Ежась отъ жуткаго ощущенія царившей здѣсь злой смерти, они, крадучись, вошли въ коридоръ... Затворили и заперли изнутри двери... Прислушались... Было тихо, только въ кухнѣ слабо, жалобно стоналъ Тараненко. Они нагнулись надъ нимъ. Тараненко продолжалъ стонать, ничего не говоря, и то закрывалъ, то открывалъ свои сверкающіе болью глаза. Они принесли ему, вмѣсто воды, горсть чистаго снѣга, и онъ съ жадностью съѣлъ его. Затѣмъ они занялись пьянымъ, безчувственнымъ Карасевымъ.
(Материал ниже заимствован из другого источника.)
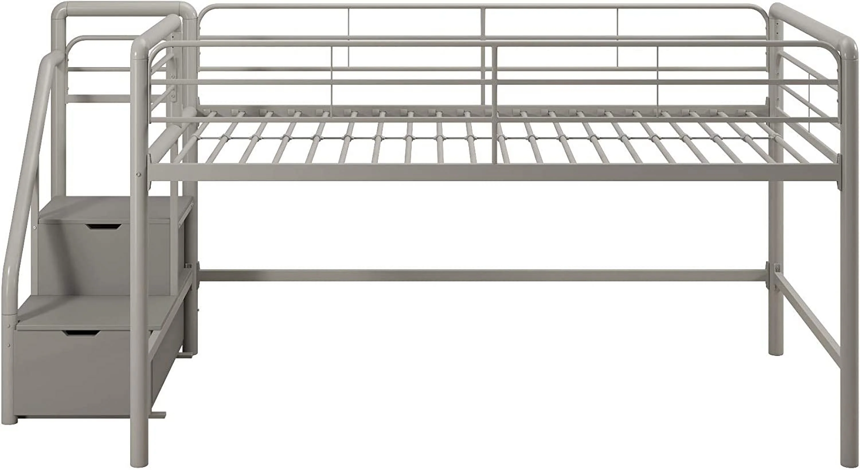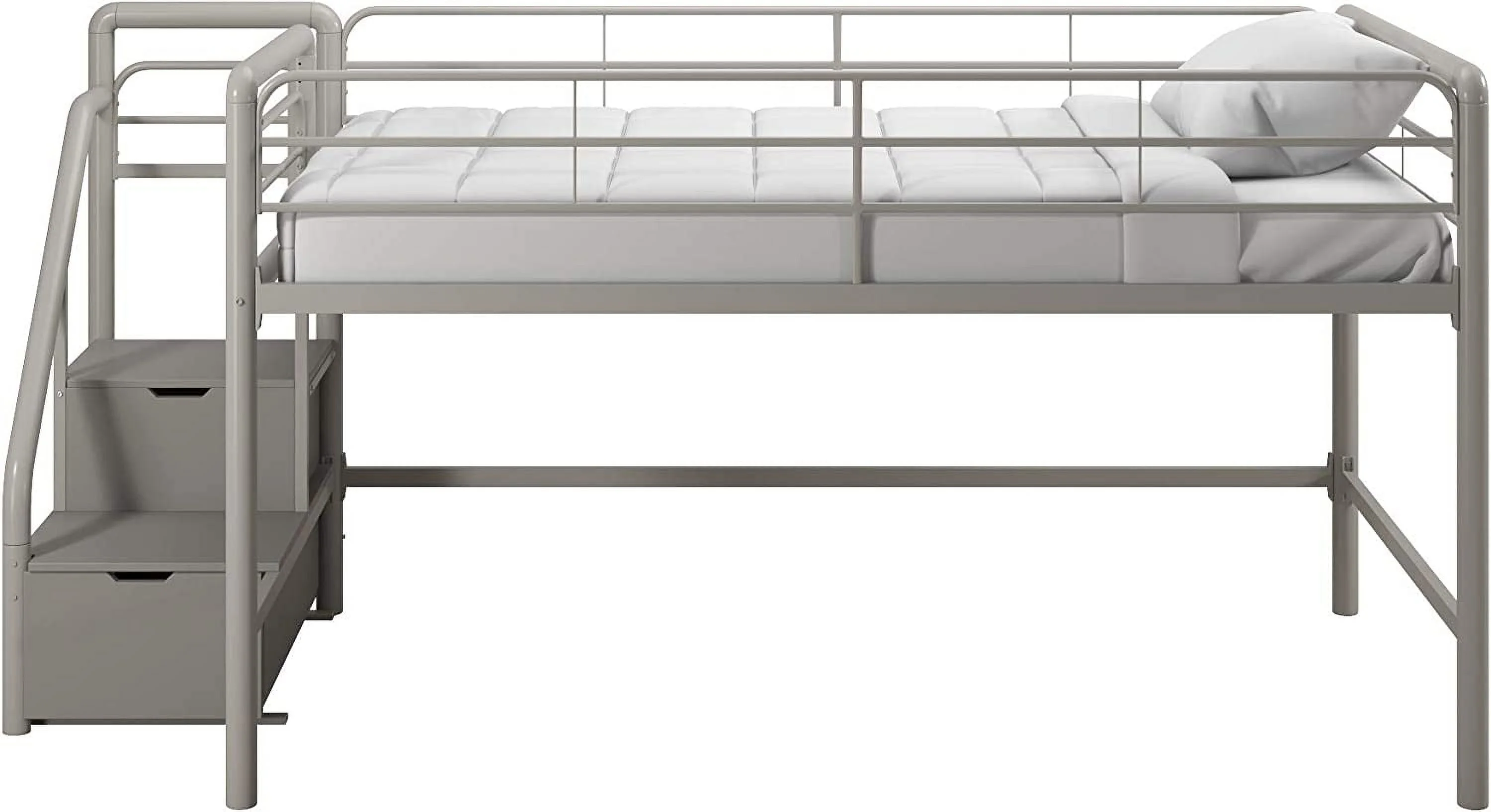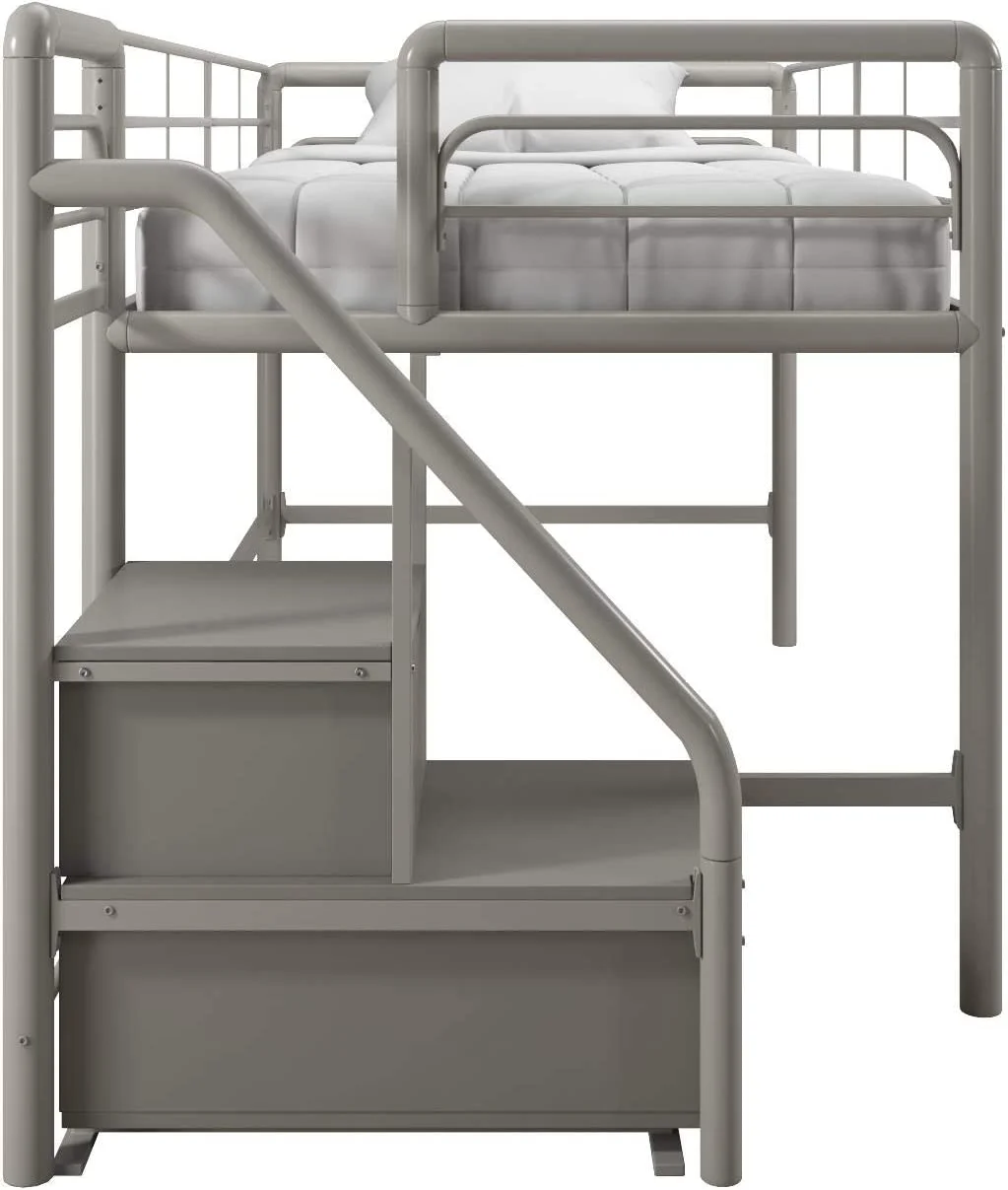 LIHONG Metal Loft Bed with Storage Steps, Multifunctional Space-Saving Solution - Silver with Gray Steps

Послѣ долгой возни, растиранія ушей, кормленія снѣгомъ, расталкиванія они, наконецъ, подняли его на ноги. Тогда они уложили Тараненко на солдатскую шинель, вынесли его изъ этапа, и, подталкивая шедшаго впереди ничего не понимавшаго Карасева, снесли Тараненко въ домъ старосты. Затѣмъ вернулись обратно на этапъ. Лобановъ зажегъ принесенную съ собой лампу, но похолодѣвшее стекло лопнуло. Остался горѣть коптящій фитиль. Поднявъ свѣтъ надъ головой, Лобановъ заглянулъ въ камеру, гдѣ сбились въ кучу арестанты, и гдѣ теперь валялись въ крови ихъ остывавшія тѣла.
-- Въ ружье!-- еле дыша, скомандовалъ онъ, весь затрепетавъ предъ грудой мертвецовъ, которые словно шевелились при мерцающемъ свѣтѣ фитиля.
Лобановъ и Насибулинъ прислушались... никакого шелеста жизни. Только шумно дышали ихъ собственныя сильныя груди, и въ нихъ колотились сердца. На минуту, чтобы перевести духъ, пришлось закрыть глаза. Ноги у нихъ отнимались, трудно было сдвинуться съ мѣста.
Вдругъ въ грудѣ труповъ какъ будто снова послышался шопотъ... Содрогаясь, оба вылетѣли въ коридоръ и захлопнули дверь... Вышли на воздухъ, ободрились... Возвратились обратно. Все было покойно въ этапѣ, но попрежнему ужасно. Они опять пріотворили дверь къ мертвецамъ... прислушались... Тихо...
-- Бери! Смѣло! Тащи на дворъ,-- скомандовалъ Лобановъ, подбадривая крикомъ и себя и дрожащаго татарина...
Задыхаясь, съ подкашивавшимися ногами, они торопливо хватали горячими, вымазанными кровью, дрожащими руками холодныя руки мертвецовъ, растаскивали ихъ и распредѣляли группами.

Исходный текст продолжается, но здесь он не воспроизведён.